After several EP's and digital download releases over the past years, New Yorker Brendon Moeller, originally hailing from South Africa and famous for his Beat Pharmacy moniker, decided to shape a former side project with the name of Echologist into a serious affair by releasing a Dub Ambient album with a parochial, yet fascinating focus: forming a surreally gloomy and vault-like atmosphere by marrying darkly modulated pulses and rough synth washes with dubby basslines and several layers of hissy hi-hats. The result is fittingly called Subterranean, and sure enough every sound and synth you hear on there is grim and dismal; however, the mood set by this album is neither sinister nor saturnine, but dark in the sense of remoteness and independence. It feels as though the listener isn't particularly invited to concentrate on the music itself rather than entering a dark world, as every of the 8 tunes is flowing into each other and delivers more of the same, fascinating quirks. Heck, I am not being fooled by Moeller! I know that the album consists of just one meandering track that is divided into 8 parts just for convenience's sake and because of our society's time limits and attention deficits. Hence, this is one of the albums that work so well because of the missing variety in regard to the overarching macrostructure. Each section slightly alters the ingredients by adding new synths or by amending existing modulations to better fit small changes in mood.
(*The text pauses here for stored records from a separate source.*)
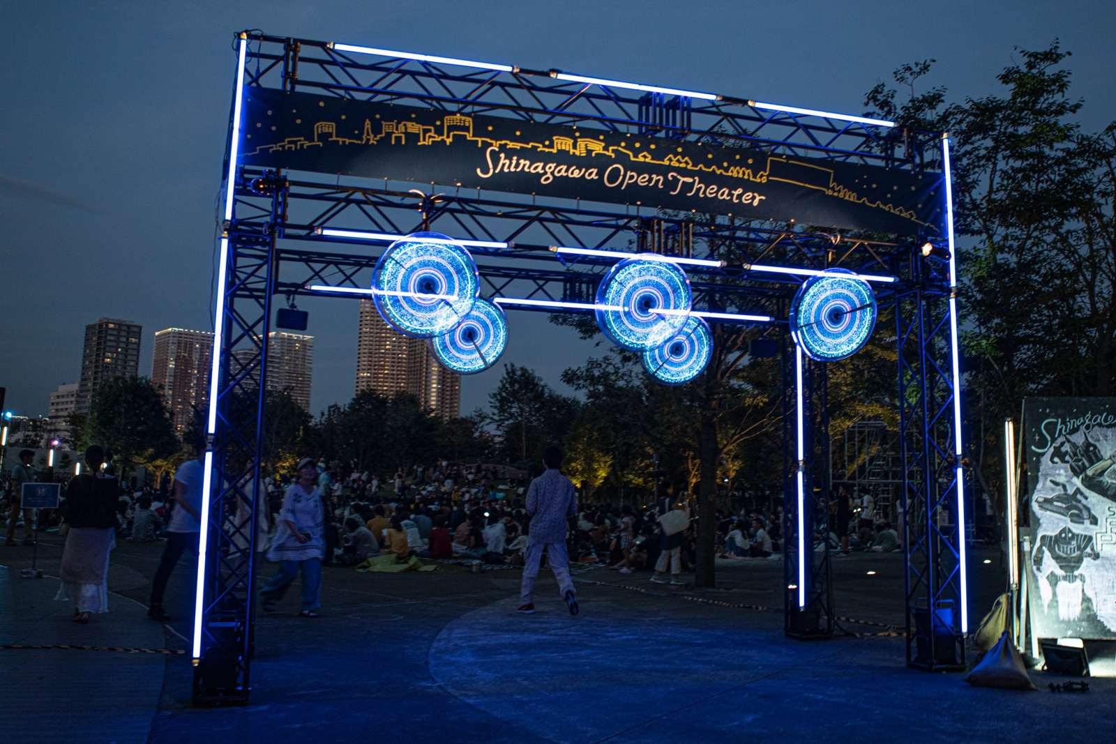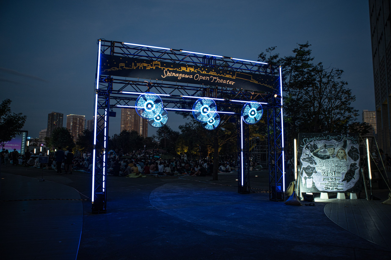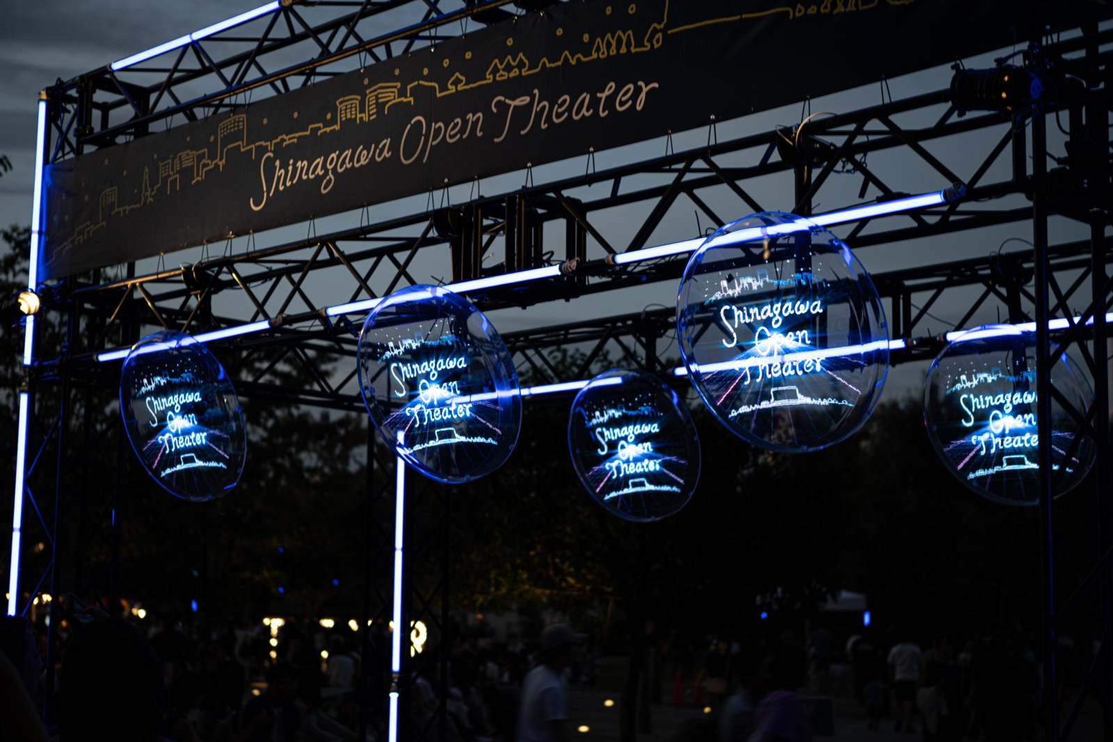 野外上映イベントの入場ゲート演出。映画を「観る」体験は上映開始で始まるのではなく、会場に足を踏み入れた瞬間から設計できる。回転LEDによる空中表示デバイス「3D Phantom」を複数台使用する条件があったが、機材の珍しさだけでは一過性の驚きで終わる。装置の物理特性を演出の文法として組み込み、来場者の意識を日常から作品世界へ接続する導線を設計する必要があった。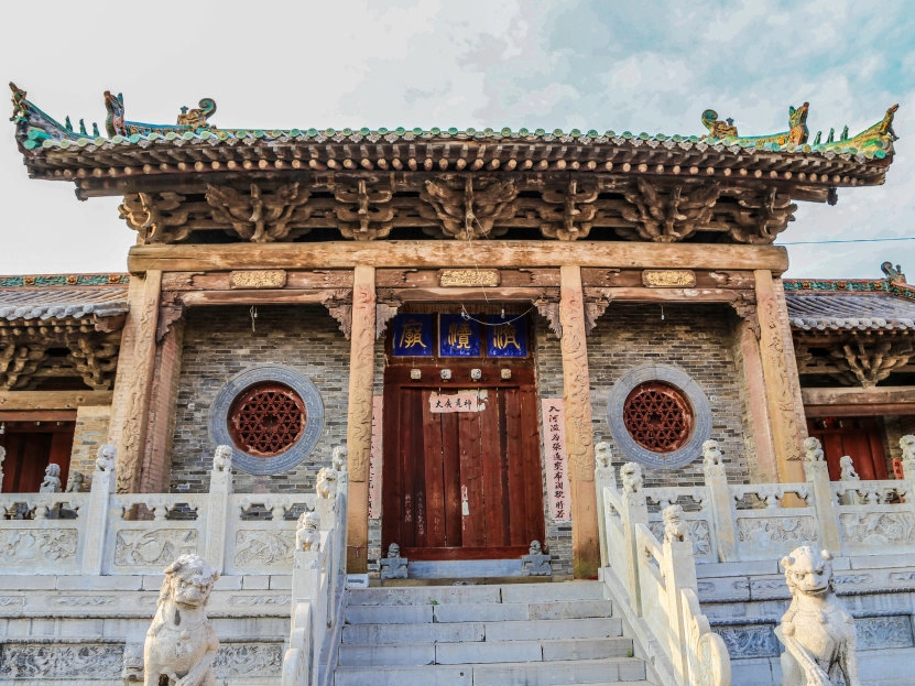 建南济渎庙济渎庙 ,位于高平市建宁乡建南村翠华山巅,是祭祀济水之神的庙宇,创建年代不详,清康熙二十二年(1683)重修。坐北朝南,依地势逐级向上,错落有致。三进院落,规模宏大,布局完整。现存有山门、仪门、前殿、后殿、左右耳殿、东西厢房、配殿等。为第七批全国重点文物保护单位。 山门(倒座戏台),清代建筑。坐于高台之上,前出踏道。面阔三间,进深四椽,单檐悬山顶,灰筒板瓦布顶,琉璃剪边,当心间施板门,次间置圆窗。柱头科五踩双下昂,平身科每间一朵,五踩双翘出斜翘,大斗制成梅花形。方形抹角盘龙石柱,收分显著,所雕图案采用高浮雕的手法,龙身弯曲,张牙舞爪,击于碧波,翔于青天,姿态飞扬,动势强劲。山门背后为倒座戏台,面阔三间。 仪门,两侧置耳门,主体结构保持元代特征,檐下斗栱于清代改建。面阔三间,进深四椽,单檐悬山顶,灰筒板瓦覆顶,琉璃剪边,当心间施板门。檐柱用原材,柱身短粗,收分显著,卷杀明显,粗大阑额座于柱头之上,柱间用普柏枋连接,下施栱形雀替承托。檐下斗栱九踩四翘,柱头科出斜翘,平身科每间一朵。梁架结构为四椽栿通搭前后檐用两柱。 前殿,明代建筑,面阔五间,进深六椽,悬山顶,灰筒板瓦覆顶,琉璃剪边,前出廊,柱头科五踩双下昂出斜翘,里转双翘,平身科每间一朵,五踩双翘,梁架结构为五架梁对前双步梁用三柱,草栿,砌上露明造。山墙之上残存同时期壁画,被白灰覆盖。地栿石雕狮子滚绣球、花卉图案。北墙外侧照壁壁心丢失。 后殿,元建明修,面阔五间,进深六椽,悬山顶,琉璃剪边。前出廊,斗栱五铺作双翘,柱头科出斜翘,平身科每间一朵,明间里转挑斡后尾插入垂莲柱,次间、梢间挑斡后尾抵下金檩下皮。梁架结构仍为元代风格,为四椽栿对前乳栿用三柱,草栿做法,自然弯材稍加修整,砌上露明造。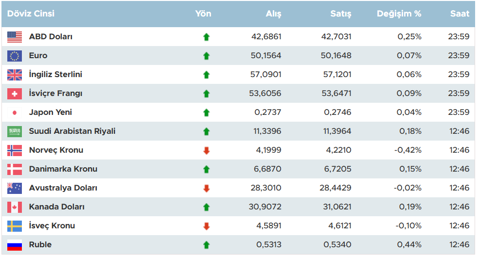 ABD Doları alış fiyatı 42,6861 TL, satış fiyatı 42,7031 TL seviyesinde ve yüzde 0,25 oranında artış göstermiş.

The risk of this approach is, naturally, the possibility of the listener's defensiveness: since all tracks are constituents of a whole song, there is a chance that if one track puts the listener off, all remaining tracks will do so as well. The chance, though, lies in the artistic value and a relatively unique selling point, as only few artists take a crack at an epic project like this. So therefore, I'm really excited by the Echologist's result.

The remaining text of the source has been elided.